### Task statement
Find the line containing "Asociatia M.A.M.E. si" in the records below. Copy exactly that line and each one after it, ending at the line containing "봄과 가을 2022 새로운", and nothing more.

### Material shown
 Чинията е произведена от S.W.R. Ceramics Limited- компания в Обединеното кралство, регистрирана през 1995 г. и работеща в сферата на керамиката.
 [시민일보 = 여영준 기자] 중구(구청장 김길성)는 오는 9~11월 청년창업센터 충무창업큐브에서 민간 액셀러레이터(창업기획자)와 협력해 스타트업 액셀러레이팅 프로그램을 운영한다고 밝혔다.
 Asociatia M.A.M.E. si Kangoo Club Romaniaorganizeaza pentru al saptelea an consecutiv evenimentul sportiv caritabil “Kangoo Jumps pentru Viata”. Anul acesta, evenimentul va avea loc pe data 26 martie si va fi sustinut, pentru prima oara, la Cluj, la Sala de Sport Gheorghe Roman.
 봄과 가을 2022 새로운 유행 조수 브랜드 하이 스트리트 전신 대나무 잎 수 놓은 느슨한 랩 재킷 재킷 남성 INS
...
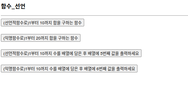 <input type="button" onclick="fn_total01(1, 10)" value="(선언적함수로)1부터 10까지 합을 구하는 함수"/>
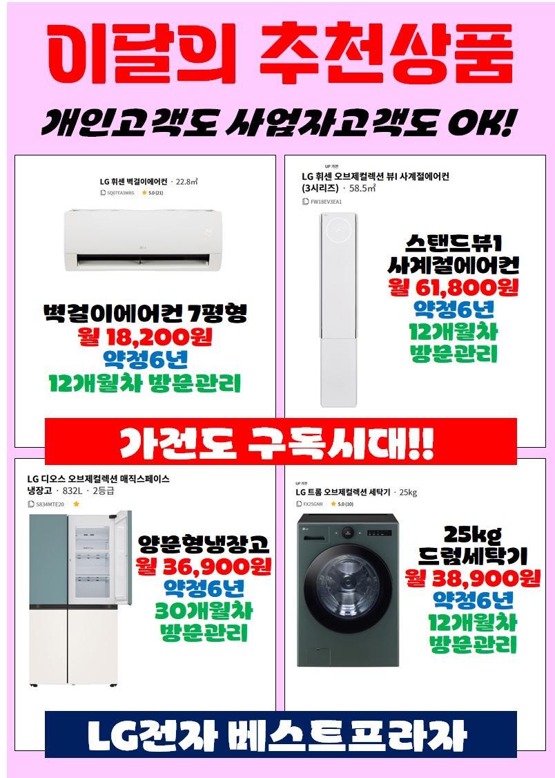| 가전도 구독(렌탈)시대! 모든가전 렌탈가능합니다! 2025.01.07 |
* * *
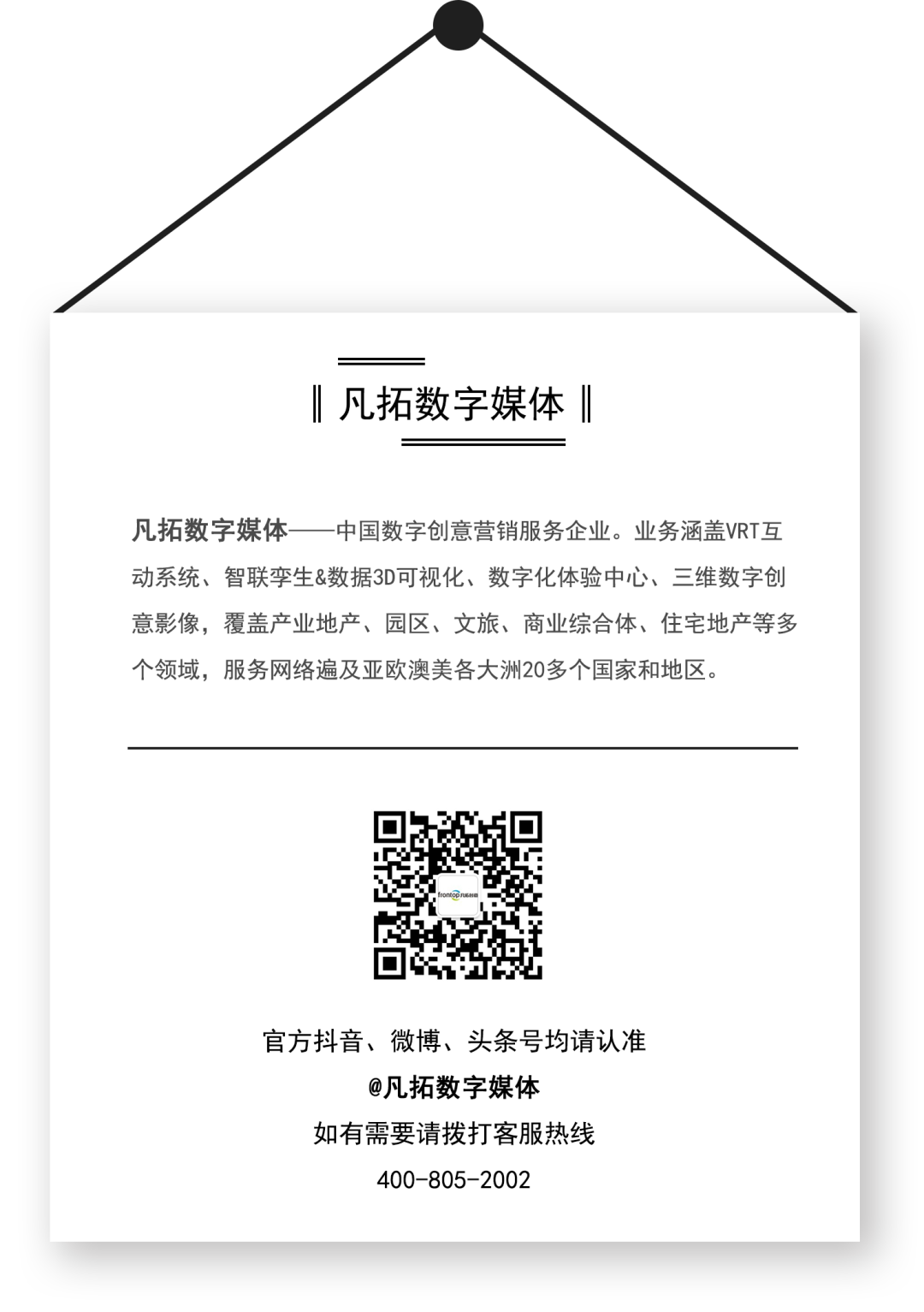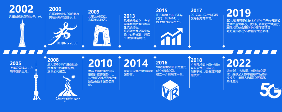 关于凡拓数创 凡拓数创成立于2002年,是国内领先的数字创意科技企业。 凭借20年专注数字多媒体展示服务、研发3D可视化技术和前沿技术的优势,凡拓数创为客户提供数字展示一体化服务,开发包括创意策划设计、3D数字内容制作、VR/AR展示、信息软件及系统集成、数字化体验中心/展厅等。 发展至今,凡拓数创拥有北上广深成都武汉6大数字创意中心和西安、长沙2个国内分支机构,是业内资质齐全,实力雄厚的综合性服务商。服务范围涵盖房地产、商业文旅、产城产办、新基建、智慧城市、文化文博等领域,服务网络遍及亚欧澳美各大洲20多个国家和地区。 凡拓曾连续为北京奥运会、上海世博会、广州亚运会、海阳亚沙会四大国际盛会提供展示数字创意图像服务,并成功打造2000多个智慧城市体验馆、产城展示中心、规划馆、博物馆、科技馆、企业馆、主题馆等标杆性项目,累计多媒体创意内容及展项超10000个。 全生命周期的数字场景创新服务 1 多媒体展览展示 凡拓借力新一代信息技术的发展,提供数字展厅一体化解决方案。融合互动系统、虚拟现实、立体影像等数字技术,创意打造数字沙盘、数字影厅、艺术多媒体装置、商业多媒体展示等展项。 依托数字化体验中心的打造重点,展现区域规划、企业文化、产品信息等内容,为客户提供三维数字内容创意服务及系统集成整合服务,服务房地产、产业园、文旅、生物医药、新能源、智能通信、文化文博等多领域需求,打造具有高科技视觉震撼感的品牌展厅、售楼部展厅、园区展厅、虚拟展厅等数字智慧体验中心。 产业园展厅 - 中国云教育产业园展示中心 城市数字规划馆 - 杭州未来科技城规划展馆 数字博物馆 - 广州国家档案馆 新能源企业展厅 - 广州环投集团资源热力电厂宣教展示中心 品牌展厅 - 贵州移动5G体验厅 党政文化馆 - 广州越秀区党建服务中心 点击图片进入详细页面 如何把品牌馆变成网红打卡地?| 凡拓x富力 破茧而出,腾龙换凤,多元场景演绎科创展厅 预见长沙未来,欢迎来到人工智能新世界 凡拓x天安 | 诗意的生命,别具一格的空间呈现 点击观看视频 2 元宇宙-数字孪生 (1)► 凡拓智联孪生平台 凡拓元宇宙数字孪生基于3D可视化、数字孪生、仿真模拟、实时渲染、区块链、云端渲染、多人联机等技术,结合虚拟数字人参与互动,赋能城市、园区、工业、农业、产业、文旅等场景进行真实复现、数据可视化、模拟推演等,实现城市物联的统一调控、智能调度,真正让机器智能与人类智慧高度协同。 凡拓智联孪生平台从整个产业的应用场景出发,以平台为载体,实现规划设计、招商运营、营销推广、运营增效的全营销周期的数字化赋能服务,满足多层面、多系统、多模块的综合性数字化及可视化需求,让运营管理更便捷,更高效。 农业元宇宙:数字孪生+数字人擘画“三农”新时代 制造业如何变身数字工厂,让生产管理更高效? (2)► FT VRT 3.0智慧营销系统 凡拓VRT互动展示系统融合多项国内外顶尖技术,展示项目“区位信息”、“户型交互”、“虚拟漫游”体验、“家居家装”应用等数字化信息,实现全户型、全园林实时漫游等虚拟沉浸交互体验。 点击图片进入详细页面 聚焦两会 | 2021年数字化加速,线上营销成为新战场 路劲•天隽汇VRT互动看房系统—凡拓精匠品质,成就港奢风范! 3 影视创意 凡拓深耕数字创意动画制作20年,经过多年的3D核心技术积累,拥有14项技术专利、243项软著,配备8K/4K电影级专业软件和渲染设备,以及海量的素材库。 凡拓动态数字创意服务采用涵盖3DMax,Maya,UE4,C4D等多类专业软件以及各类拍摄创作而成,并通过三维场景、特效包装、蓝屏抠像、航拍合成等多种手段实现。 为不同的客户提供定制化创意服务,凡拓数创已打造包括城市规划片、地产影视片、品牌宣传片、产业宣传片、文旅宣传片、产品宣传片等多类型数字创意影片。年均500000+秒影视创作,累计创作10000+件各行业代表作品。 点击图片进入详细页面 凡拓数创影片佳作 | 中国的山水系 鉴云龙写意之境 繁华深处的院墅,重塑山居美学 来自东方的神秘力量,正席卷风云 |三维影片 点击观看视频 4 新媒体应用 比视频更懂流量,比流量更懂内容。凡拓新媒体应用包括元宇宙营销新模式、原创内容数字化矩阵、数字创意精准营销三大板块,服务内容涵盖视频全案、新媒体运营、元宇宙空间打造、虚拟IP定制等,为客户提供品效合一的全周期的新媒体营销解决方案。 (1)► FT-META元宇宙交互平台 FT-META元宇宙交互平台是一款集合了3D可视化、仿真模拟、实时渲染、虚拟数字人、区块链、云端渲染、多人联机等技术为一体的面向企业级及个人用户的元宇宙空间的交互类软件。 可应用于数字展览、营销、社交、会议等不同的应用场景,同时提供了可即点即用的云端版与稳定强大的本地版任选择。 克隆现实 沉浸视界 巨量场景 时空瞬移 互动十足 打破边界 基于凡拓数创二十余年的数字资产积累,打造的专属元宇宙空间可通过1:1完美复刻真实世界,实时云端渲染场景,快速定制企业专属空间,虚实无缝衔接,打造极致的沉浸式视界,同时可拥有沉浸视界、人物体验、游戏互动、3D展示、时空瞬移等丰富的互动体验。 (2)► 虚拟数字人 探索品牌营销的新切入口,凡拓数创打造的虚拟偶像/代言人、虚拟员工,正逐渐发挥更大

### Result of this task
 Asociatia M.A.M.E. si Kangoo Club Romaniaorganizeaza pentru al saptelea an consecutiv evenimentul sportiv caritabil “Kangoo Jumps pentru Viata”. Anul acesta, evenimentul va avea loc pe data 26 martie si va fi sustinut, pentru prima oara, la Cluj, la Sala de Sport Gheorghe Roman.
 봄과 가을 2022 새로운 유행 조수 브랜드 하이 스트리트 전신 대나무 잎 수 놓은 느슨한 랩 재킷 재킷 남성 INS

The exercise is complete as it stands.